Installing package into ‘/usr/local/lib/R/site-library’
(as ‘lib’ is unspecified)



In [3]:
# access average and standard deviation from summary table
s$average
s$standard_deviation

# compute median, min and max
heights %>%
    filter(sex == "Male") %>%
    summarize(median = median(height),
              minimum = min(height),
              maximum = max(height))


median,minimum,maximum
<dbl>,<dbl>,<dbl>
69,50,82.67717


In [4]:
# alternative way to get min, median, max in base R
quantile(heights$height, c(0, 0.5, 1))

# NOTE: The following code will NOT generate an error if using dplyr 1.0 or later

# generates an error: summarize can only take functions that return a single value
heights %>%
    filter(sex == "Male") %>%
    summarize(range = quantile(height, c(0, 0.5, 1)))

range
<dbl>
50.0
69.0
82.67717


## The Dot Placeholder
- The dot operator allows you to access values stored in data that is being piped in using the %>% character. The dot is a placeholder for the data being passed in through the pipe.
- The dot operator allows dplyr functions to return single vectors or numbers instead of only data frames.
- us_murder_rate %>% .$rate is equivalent to us_murder_rate$rate.
- Note that an equivalent way to extract a single column using the pipe is us_murder_rate %>% pull(rate). The pull() function will be used in later course material.

In [6]:
murders <- murders %>% mutate(murder_rate = total/population*100000)
summarize(murders, mean(murder_rate))



mean(murder_rate)
<dbl>
2.779125


In [8]:
# calculate US murder rate, generating a data frame
us_murder_rate <- murders %>%
    summarize(rate = sum(total) / sum(population) * 100000)
    us_murder_rate

# extract the numeric US murder rate with the dot operator
us_murder_rate %>% .$rate



rate
<dbl>
3.034555


In [9]:
# calculate and extract the murder rate with one pipe
us_murder_rate <- murders %>%
    summarize(rate = sum(total) / sum(population) * 100000) %>%
    .$rate

##Group By
- The group_by() function from dplyr  converts a data frame to a grouped data frame, creating groups using one or more variables.
- summarize() and some other dplyr functions will behave differently on grouped data frames.
- Using summarize() on a grouped data frame computes the summary statistics for each of the separate groups.

In [10]:
# libraries and data
library(tidyverse)
library(dslabs)
data(heights)
data(murders)


In [11]:
# compute separate average and standard deviation for male/female heights
heights %>%
    group_by(sex) %>%
    summarize(average = mean(height), standard_deviation = sd(height))

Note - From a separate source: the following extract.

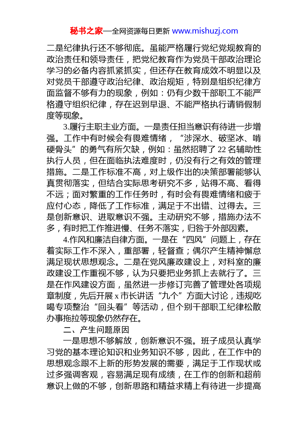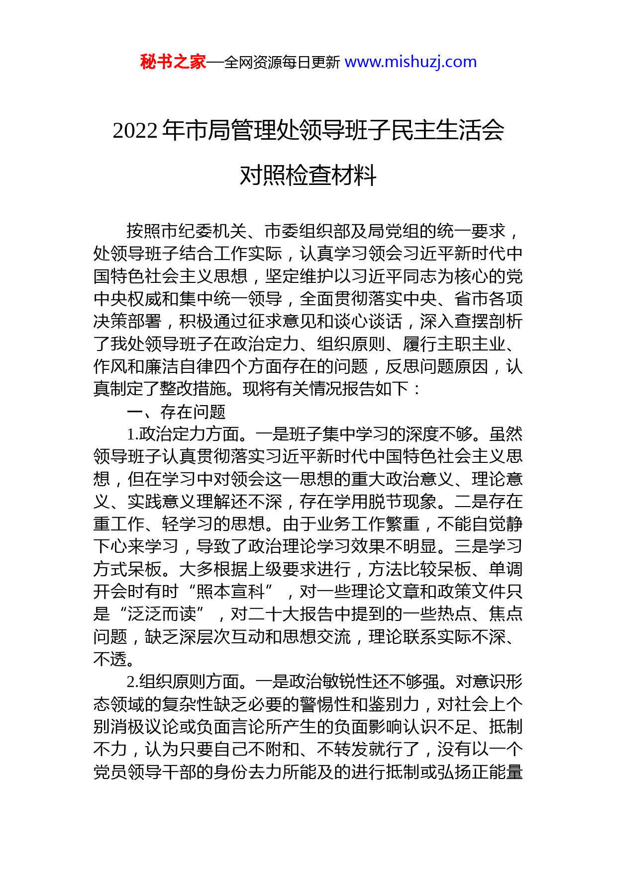 秘书之家—全网资源每日更新www.mishuzj.com2022年市局管理处领导班子民主生活会对照检查材料按照市纪委机关、市委组织部及局党组的统一要求,处领导班子结合工作实际,认真学习领会习近平新时代中国特色社会主义思想,坚定维护以习近平同志为核心的党中央权威和集中统一领导,全面贯彻落实中央、省市各项决策部署,积极通过征求意见和谈心谈话,深入查摆剖析了我处领导班子在政治定力、组织原则、履行主职主业、作风和廉洁自律四个方面存在的问题,反思问题原因,认真制定了整改措施。现将有关情况报告如下:一、存在问题1.政治定力方面。一是班子集中学习的深度不够。虽然领导班子认真贯彻落实习近平新时代中国特色社会主义思想,但在学习中对领会这一思想的重大政治意义、理论意义、实践意义理解还不深,存在学用脱节现象。二是存在重工作、轻学习的思想。由于业务工作繁重,不能自觉静下心来学习,导致了政治理论学习效果不明显。三是学习方式呆板。大多根据上级要求进行,方法比较呆板、单调开会时有时“照本宣科”,对一些理论文章和政策文件只是“泛泛而读”,对二十大报告中提到的一些热点、焦点问题,缺乏深层次互动和思想交流,理论联系实际不深、不透。2.组织原则方面。一是政治敏锐性还不够强。对意识形态领域的复杂性缺乏必要的警惕性和鉴别力,对社会上个别消极议论或负面言论所产生的负面影响认识不足、抵制不力,认为只要自己不附和、不转发就行了,没有以一个党员领导干部的身份去力所能及的进行抵制或弘扬正能量秘书之家—全网资源每日更新www.mishuzj.com二是纪律执行还不够彻底。虽能严格履行党纪党规教育的政治责任和领导责任,把党纪教育作为党员干部政治理论学习的必备内容抓紧抓实,但还存在教育成效不明显以及对党员干部遵守政治纪律、政治规矩,特别是组织纪律方面监督不够有力的现象,例如:仍有少数干部职工不能严格遵守组织纪律,存在迟到早退、不能严格执行请销假制度等现象。3.履行主职主业方面。一是责任担当意识有待进一步增强。工作中有时候会有畏难情绪,“涉深水、破坚冰、啃硬骨头”的勇气有所欠缺,例如:虽然招聘了22名辅助性执行人员,但在面临执法难度时,仍没有行之有效的管理措施。二是工作标准不高,对上级作出的决策部署能够认真贯彻落实,但结合实际思考研究不多,站得不高、看得不远;面对繁重的工作任务时,有时会有畏难情绪和疲于应付心态,降低了工作标准,满足于不出错、过得去。三是创新意识、进取意识不强。主动研究不够,措施办法不多,有时把工作推进慢、任务不落实,归咎于外部因素。4.作风和廉洁自律方面。一是在“四风”问题上,存在着实际工作不深入,重部署,轻督查;偶尔产生精神懈怠满足现状思想观念。二是在党风廉政建设上,对科室的廉政建设工作重视不够,认为只要把业务抓上去就行了。三是在作风建设方面,虽然进一步修订完善了管理处各项规章制度,先后开展x市长讲话“九个”方面大讨论,违规吃喝专项整治“回头看”等活动,但个别干部职工纪律松散办事拖拉等现象仍然存在。二、产生问题原因一是思想不够解放,创新意识不强。班子成员认真学习党的基本理论知识和业务知识不够,因此,在工作中的思想观念跟不上新的形势发展的需要,满足于工作现状或过多强调客观,容易满足现有成绩,在工作的创新和超前意识上做的不够,创新思路和精益求精上有待进一步提高秘书之家—全网资源每日更新www.mishuzj.com二是工作创新不高,协调配合不够。在统筹工作、统揽全局发展思路上还存在差距。存在按部就班、因循守旧的状况。班子成员协同配合还需加强。三是服务意识欠缺,相互批评力度偏软。深入基层次数增多,但了解职工深层次想法的意识还不够。班子成员相互之间缺少批评与自我批评的自觉性,有时即使看到了别人的问题,认为在一起工作,不必要批评别人的缺点,保持“一团和气”。三、整改措施及方向(一)坚持解放思想,进一步端正学风按照市委和局党组的要求,坚持和完善相关学习制度。在坚持党员固定学习日的基础上,合理安排自学时间,认真学习党的二十大精神,认真领会习近平新时代中国特色社会主义思想,不断提高领导班子成员适应新形势、解决新问题的能力。加强领导班子成员思想、作风建设,提高班子的整体素质和工作能力;改进工作作风,强化服务意识,提高服务水平,更好地履行岗位职能。(二)增强服务意识,进一步改进工作作风坚持集体领导,民主决策,正确处理好集体领导与个人分工负责的关系,班子成员间相互协商、沟通,杜绝在工作中出现推诿扯皮的现象;定期走访基层,提高全处干部职工的凝聚力;克服不深入研究解决问题的思想,在工作中知难而进,不完成好工作决不松劲;树立勤工作、求上进的良好氛围,创新工作方法,努力提高驾驭全局的能力,不断总结经验,提高工作本领。(三)充分发扬相互批评,进一步增强“四个意识”牢固树立“四个意识”,坚持好个人服从组织,少数服从多数的原则。在认真做好自己本职工作的同时,互相之间密切配合,共同维护好班子的形象。注重把握和处理好局部与全局的关系,在思想上、政治上、行动上与党中秘书之家—全网资源每日更新www.mishuzj.com央保持高度一致。要正

`summarise()` ungrouping output (override with `.groups` argument)



sex,average,standard_deviation
<fct>,<dbl>,<dbl>
Female,64.93942,3.760656
Male,69.31475,3.611024


In [12]:
# compute median murder rate in 4 regions of country
murders <- murders %>%
    mutate(murder_rate = total/population * 100000)
murders %>%
    group_by(region) %>%
    summarize(median_rate = median(murder_rate))

`summarise()` ungrouping output (override with `.groups` argument)



region,median_rate
<fct>,<dbl>
Northeast,1.802179
South,3.398069
North Central,1.971105
West,1.292453


##Sorting data Tables
- The arrange() function from dplyr sorts a data frame by a given column.
- By default, arrange() sorts in ascending order (lowest to highest). To instead sort in descending order, use the function desc() inside of arrange().
- You can arrange() by multiple levels: within equivalent values of the first level, observations are sorted by the second level, and so on.
- The top_n() function shows the top results ranked by a given variable, but the results are not ordered. You can combine top_n() with arrange() to return the top results in order.

In [13]:
# libraries and data
library(tidyverse)
library(dslabs)
data(murders)

In [14]:

# set up murders object
murders <- murders %>%
    mutate(murder_rate = total/population * 100000)


In [15]:
    
# arrange by population column, smallest to largest
murders %>% arrange(population) %>% head()


Unnamed: 0_level_0,state,abb,region,population,total,murder_rate
Unnamed: 0_level_1,<chr>,<chr>,<fct>,<dbl>,<dbl>,<dbl>
1,Wyoming,WY,West,563626,5,0.8871131
2,District of Columbia,DC,South,601723,99,16.4527532
3,Vermont,VT,Northeast,625741,2,0.3196211
4,North Dakota,ND,North Central,672591,4,0.5947151
5,Alaska,AK,West,710231,19,2.675186
6,South Dakota,SD,North Central,814180,8,0.9825837


In [16]:

# arrange by murder rate, smallest to largest
murders %>% arrange(murder_rate) %>% head()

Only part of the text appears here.